## Exercise instructions
In your copy of the data, keep every word exact and include no pictures.

## Source data

[Start of Attachment]

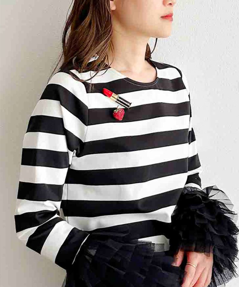 トップスの襟元やジャケットのラペル、バッグや帽子・スカーフなどの小物にも。
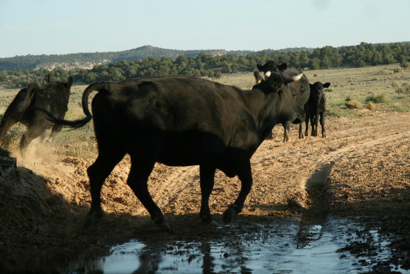 We slaan een paar keer rechtsaf en rijden onder de I70 door, terwijl een stel koeien (yum, angus beef!) ons meewarrig staan na te kijken. We rijden snel weer door, als we ineens verrast worden door een heel slechte weg. Voordat ik het in de gaten heb, hoor ik “KRGGGGGGG”…. OEPS!
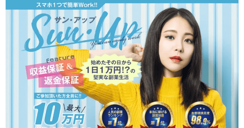 Sun・Up/サンアップは始めたその日から1日1万円を稼げるというスマホ副業です。
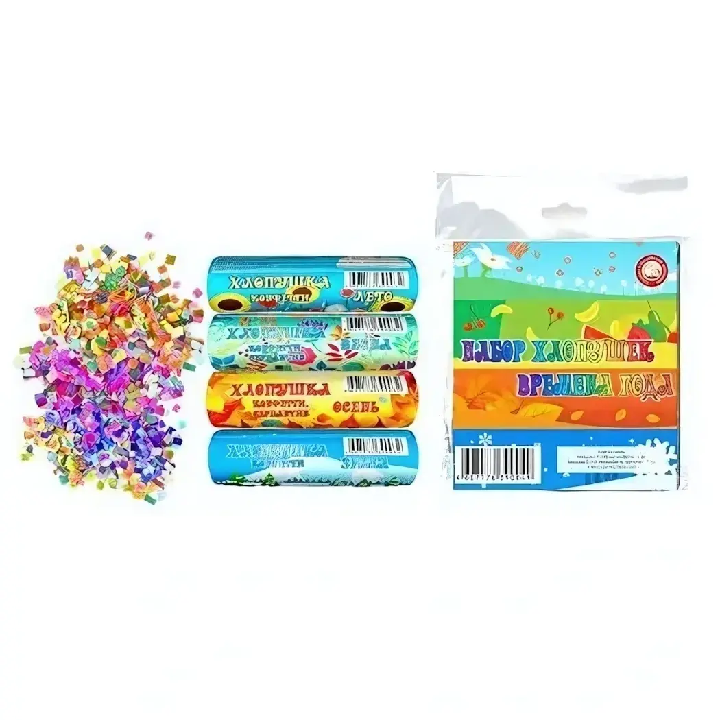 Сделайте каждый праздник ярче и запоминающимся вместе с набором хлопушек «времена года» — ваш персональный источник веселья и света!

[End of Attachment]

## Finished exercise
 トップスの襟元やジャケットのラペル、バッグや帽子・スカーフなどの小物にも。
 We slaan een paar keer rechtsaf en rijden onder de I70 door, terwijl een stel koeien (yum, angus beef!) ons meewarrig staan na te kijken. We rijden snel weer door, als we ineens verrast worden door een heel slechte weg. Voordat ik het in de gaten heb, hoor ik “KRGGGGGGG”…. OEPS!
 Sun・Up/サンアップは始めたその日から1日1万円を稼げるというスマホ副業です。
 Сделайте каждый праздник ярче и запоминающимся вместе с набором хлопушек «времена года» — ваш персональный источник веселья и света!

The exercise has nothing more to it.